AP Photo/Evan Vucci
The battle between President Trump and Congress reached the third branch of government Monday as a federal judge rejected all of Trump's legal arguments in his intensified attack on congressional oversight. U.S. District Judge Amit Mehta for the District of Columbia issued a 41-page decision in the historically named case Trump v. Committee on Oversight and Reform, rejecting Trump’s attempt to quash a subpoena seeking his financial records. It was the first legal test in the battle between Trump and Congress, and Trump lost. Badly.
Trump immediately denounced the ruling as “totally the wrong decision by obviously an Obama-appointed judge.” Trump falsely claimed the decision was “crazy because if you look at it, this has never happened to any other president.” In fact, Judge Mehta gave numerous examples, including the congressional investigations into Watergate involving President Richard Nixon and Whitewater involving President Bill Clinton.

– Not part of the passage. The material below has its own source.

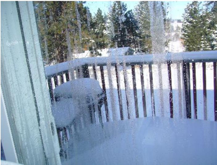
Screens at front and rear doors damaged-- Excessive condensation at all windows
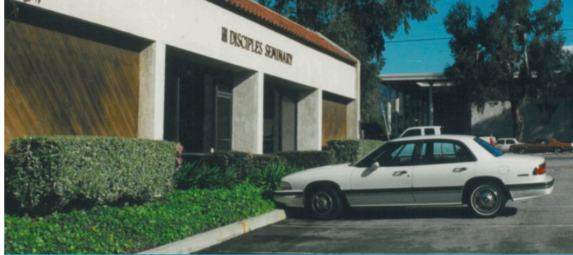
DSF's lease space prior to the completion of 300 W. Foothill facilities

The case arose on April 15, when the House Committee on Oversight and Reform issued a subpoena for records to Mazars USA LLP, a firm that has provided accounting services to Trump, calling for Mazars to produce financial records and other documents relating to Trump personally as well as various associated businesses and entities dating back to 2011. The decision to issue the subpoena came after the president's former lawyer and confidant, Michael Cohen, testified before the committee that the president routinely would alter the estimated value of his assets and liabilities on financial statements, depending on the purpose for which a statement was needed.
Judge Mehta found that having “grappled for more than a century with the question of the scope of Congress's investigative power,” the Supreme Court had established the binding principle “that courts must presume Congress is acting in furtherance of its constitutional responsibility to legislate and must defer to congressional judgments about what Congress needs to carry out that purpose.” While there are limits on Congress's investigative authority, those limits do not substantially constrain Congress, so long as it investigates on a subject matter on which “legislation could be had.”
Article I of the Constitution grants Congress all “legislative Powers,” and Judge Mehta noted that the Supreme Court held almost 100 years ago in 1927 that the power to secure “needed information … has long been treated as an attribute of the power to legislate.” It was so regarded in the British Parliament and in the colonial legislatures before the American Revolution, and a like view has prevailed and been carried into effect in both houses of Congress and in most of the state legislatures. “There can be no doubt as to the power of Congress, by itself or through its committees, to investigate matters and conditions relating to contemplated legislation,” the Supreme Court held in 1955.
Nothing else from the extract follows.